Tout le monde, ici et ailleurs, se demande pourquoi les décideurs politiques s’attachent-ils à rester étanches à toute offre de services émanant de notre diaspora intellectuelle. Peut-on parler de méf iance ou de phobie?
Rien ne fait peur au pouvoir algérien puisqu’il détient tous les moyens de produire aussi bien la peur que le bonheur. Mais, que l’on pense d’abord à valoriser les compétences émergentes dans les différentes spécialités et activités socio-professionnelles en Algérie, avant de penser à faire revenir «les cerveaux» forgés dans un environnement étranger évolutif, où leur condition de travail est intrinsèquement liée à leur «mise à jour». Cependant, c’est notre modèle de société tout entier qui est touché et questionné par l’essor de la mobilité internationale.
Ces derniers temps, de plus en plus nombreux sont les étudiants qui optent pour des études à l’étranger. Pour l’enseignant-chercheur que vous êtes, le malaise à l’université et le malvivre en Algérie seraient-ils si profonds?
Toute personne a besoin de s’épanouir, surtout lorsqu’on est jeune diplômé et qu’on déborde d’énergie et de projets. L’idée de partir à l’étranger s’inscrit d’abord dans un projet d’ordre personnel. L’individu évalue les facteurs de répulsion et d’attrait qui le poussent à la mobilité pour changer son statut social en dehors de son pays, ils sont multiples. La responsabilité est fortement partagée.
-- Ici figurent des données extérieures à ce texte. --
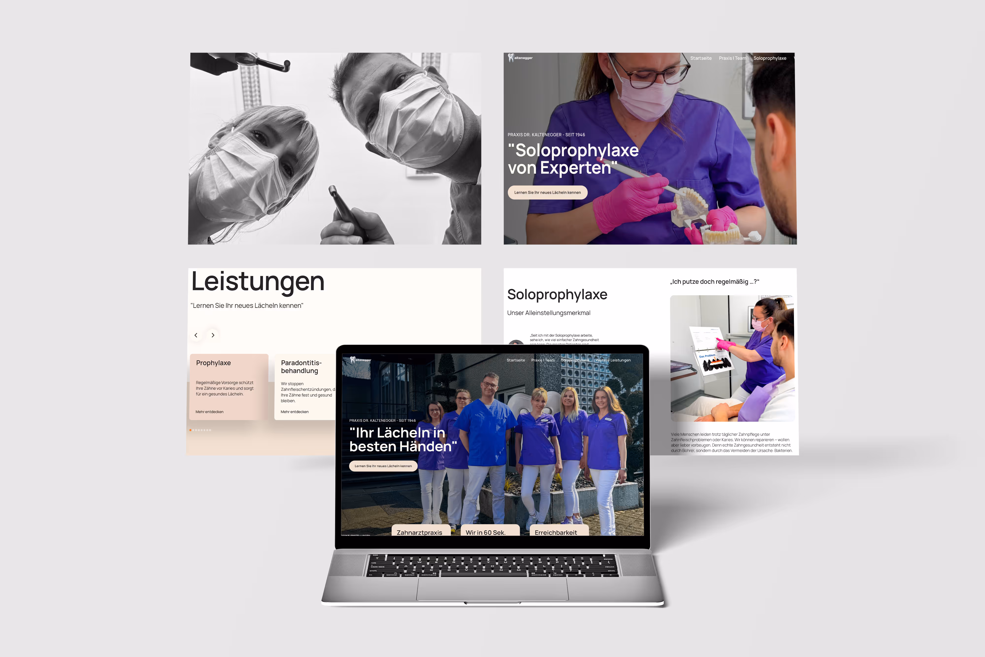 Unsere Lösung war eine Website, die zeigt, was die Praxis ausmacht: Nähe zum Menschen,Kompetenz und mit der Soloprophylaxe ein Behandlungskonzept, das andere nicht haben. Statt langweiliger Zahnarzt-Ästhetik haben wir eine warme, einladende Präsenz geschaffen. Die Bilder zeigen das Team, die Texte sprechen die Sprache der Patienten, und die Soloprophylaxe wird so erklärt, dass jeder versteht, warum sie wichtig ist.
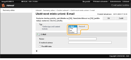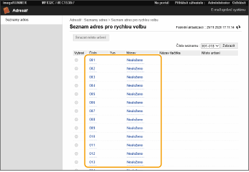 [Address List for Administrators] je k dispozici pouze správcům, kteří se do systému přihlásí s přístupovými právy správce (Administrator) nebo s právy správce zařízení (DeviceAdmin).
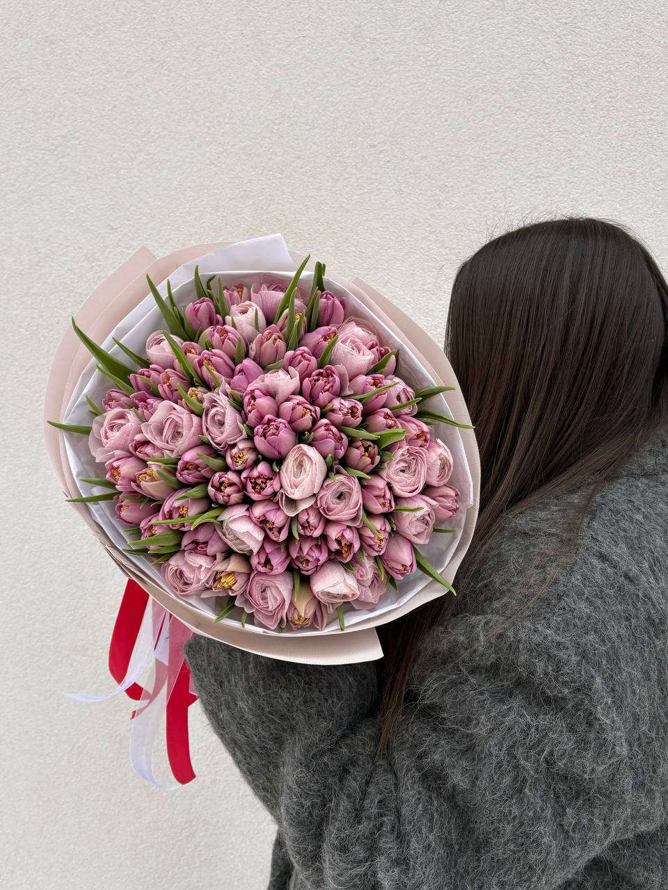 Розарія — букет із глибоким настроєм і внутрішньою тишею. Його насичений відтінок створює відчуття загадковості, спокою й зосередженості, ніби пауза серед буденних думок. Він виглядає виразно, але не гучно, підкреслюючи смак і чутливість до деталей. Розарія особливо добре звучить у холодні та перехідні сезони, додаючи простору глибини й емоційної рівноваги. Це вибір для тих, хто цінує атмосферу і зміст. Замовляйте Розарію в BRUSNYTSIA — щоб подарувати настрій, який відчувається.

Le non-retour des jeunes et moins jeunes compétences qui se sont expatriées peut-il être interprété comme une réussite sociale et professionnelle?
Le non-retour n’est pas forcément une preuve de réussite. Aussi paradoxal que cela puisse paraître, nombreux sont ceux qui ont connu un échec affligeant suite à leur départ d’Algérie, notamment pour ceux qui avaient un emploi stable et une condition de vie relativement appréciables. Mais cet échec ne sera jamais déclaré par les migrants au risque de ternir leurimage. Ils préfèrent se convertir à des sous-métiers ou à des activités précaires plutôt que de subir le déshonneur du retour qui symbolise l’échec.